Machine Learning: The Key to Unlocking Data Insights
Hello world, welcome to Sirajology! Ever wonder how Netflix recommends awesome shows you'd like? Or how Facebook can auto-tag your face? Or how Google's self-driving cars work? Or how Bing can...whats that? You don't care what Bing does? It's okay, nobody does. Anyways, the answer is Machine Learning. Machine Learning is the study of algorithms that learn from examples and experience instead of hard-coded rules.
To understand how machine learning works, let's consider an example. Imagine you want to build an app that can recognize an image of a specific species of flower called Iris. If you decide to code this without machine learning, you'd have to write a bunch of different functions to detect all the different features of an Iris flower. The problem is, there are a bunch of corner cases and there's no way you could account for all of them ahead of time. What if one of the leaves is partially obstructed or a flower is a certain color that you didn't account for or the shape is totally different than what you expected? You can't just code all that up before-hand! Unless you're Jeff Dean, who's not even sure he could do it.
The good news is that machine learning makes this problem super easy and doesn't require any math skills. There are four steps involved in the process: collect data, pick a model, train the model, and test the model. We'll basically just add data to a model and it will start to find patterns in the data for us.

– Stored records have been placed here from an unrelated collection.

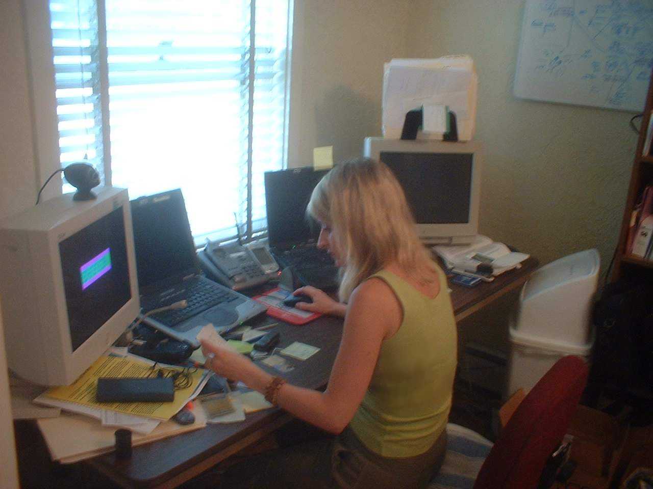 Oksana checks email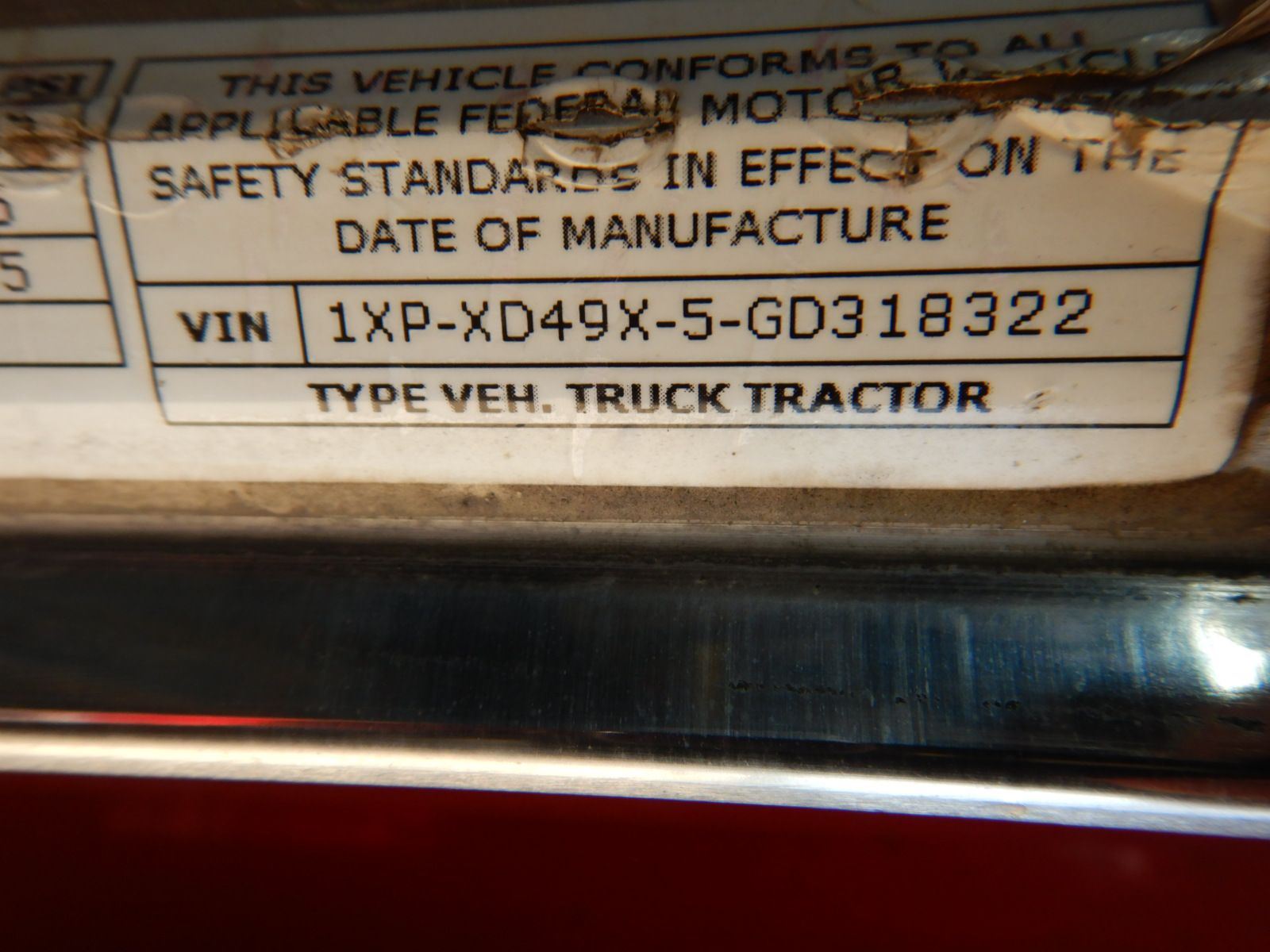 Vehicle ID Number: 1XPXD49X5GD318322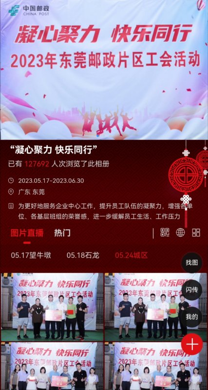與此同時(shí),東莞郵政工會(huì)借助平臺(tái)進(jìn)行了活動(dòng)圖片直播,為員工定格美好時(shí)光,留下歡樂(lè)回憶。截至5月24日第三場(chǎng)片區(qū)活動(dòng)結(jié)束,直播相冊(cè)瀏覽量已超10萬(wàn)人次。

The first step is to get our data. Datasets come in all different kinds of formats (PDFs, TXTs, CSVs, holograms), it doesn't matter the format, we can easily parse it in our code to get the relevant details. We'll be using a well-known dataset that contains 150 samples of Iris flowers. Luckily for us, this dataset comes preloaded with SciKit learn so we can just load it here. Each sample has a label, one of three types of Iris (setosa, virginica, or versicolor) and a set of features (sepallength, sepal width, petal length, and petalwidth). Because our data is labeled, the type of learning we're doing is called supervised learning. If we didn't have labels for our data, just features, then it would be called unsupervised learning.
Supervised learning means that we have a target or response variable to predict. In this case, our goal is to classify an Iris flower as one of the three types (setosa, virginica, or versicolor). If we didn't have labels for our data, just features, then it would be called unsupervised learning. Unsupervised learning means that there's no target variable and we're trying to find patterns in the data.

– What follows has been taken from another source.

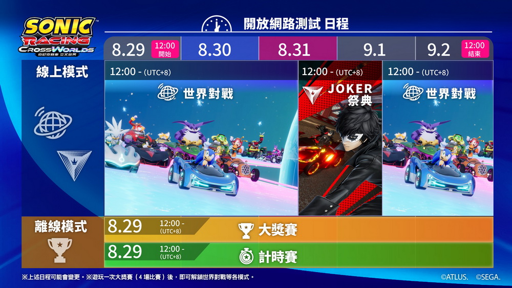 世雅股份有限公司宣布,有關預計於2025年9月25日(四)發售的《索尼克賽車 交叉世界》,現已決定舉辦期間限定的開放網路測試。本測試期間為8月29日(五)12:00(UTC+8)至9月2日(二)12:00(UTC+8),於對應平台(PlayStation®5、Nintendo Switch™、Xbox Series X|S、Steam、Epic Games)開放自由參加。除此之外,預計在8月31日(日)12:00(UTC+8)至9月1日(一)12:00(UTC+8)期間舉辦遊戲內限期活動「女神異聞錄5 皇家版 JOKER祭典」。本次活動中,將可搶先遊玩合作賽車手「JOKER」和合作賽車「Arsene Wing」。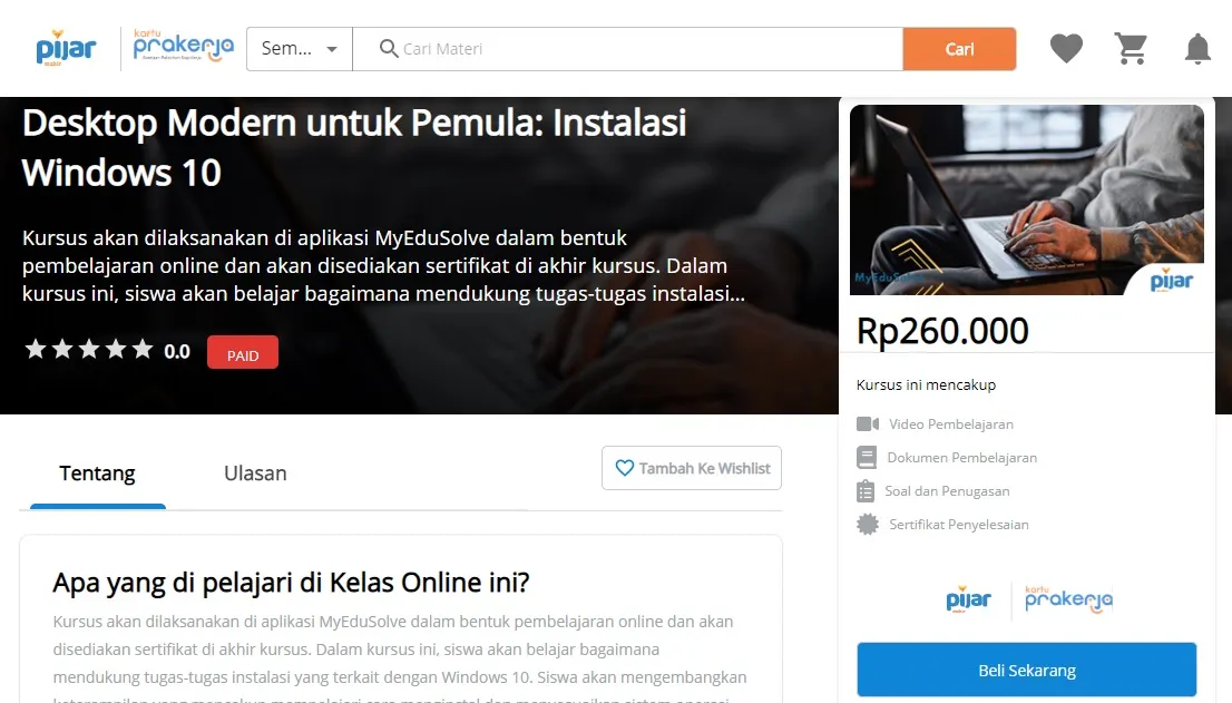 Dalam deskripsi pelatihan bertajuk 'Desktop Modern untuk Pemula: Instalasi Windows 10' tersebut mencakup video pembelajaran, dokumen pembelajaran, soal dan penugasan, dan sertifikat penyelesaian yang akan dilaksanakan di aplikasi MyEduSolve dalam bentuk pembelajaran online.

Now that we have our dataset, the next step is to pick the model. To do that, you just have to calculate the multivariate equation for discriminant analysis by squaring the delta of the...just kidding – you literally just paste in a single line of code. The real question is how do you know which of the bajillion machine learning models to use? Well, we're trying to classify an image as either an Iris flower or not an Iris flower, so we know this is a classification problem. Therefore, we'll need to use a classifier.
Ok, that narrows our options, but what type? There are a lot of those too! My gut reaction is to use a deep neural network because it just sounds dope you know what I mean? But there are countless machine learning models out there, each with its own strengths and weaknesses. The key is to choose the right one for your specific problem.

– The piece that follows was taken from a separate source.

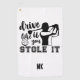 Funny golf towel personalised with your monogram/initials. Text says, "Drive it like you stole it."

One popular choice is a classifier that takes in multiple features and outputs a probability distribution over all possible classes. In our case, we're trying to classify an Iris flower into one of three categories (setosa, virginica, or versicolor). This type of model is well-suited for this task because it can take advantage of the complex relationships between the different features.
Now that we have a classifier, the next step is to train our model. Since we're using a classifier, we just need to call the fit method on our object to train our model. Fit is our training algorithm, this method will input the training dataset into our model find patterns in our data. Boom, done.
Now, whenever we input a new flower from our testing dataset, it'll automatically be able to classify it as one of the three types of Iris flowers. We can see in the terminal that the accuracy score for classification is pretty high. How easy was that? Just 7 lines of code and now you have your first model trained and ready to recognize Iris flowers! You just made a learning machine.
And you can use this same model to classify other things like cars, dresses, and even republican candidates. Machine learning can be applied to so many different things from fraud detection to generating paintings like Picasso. The possibilities are endless, and it's up to us to explore them.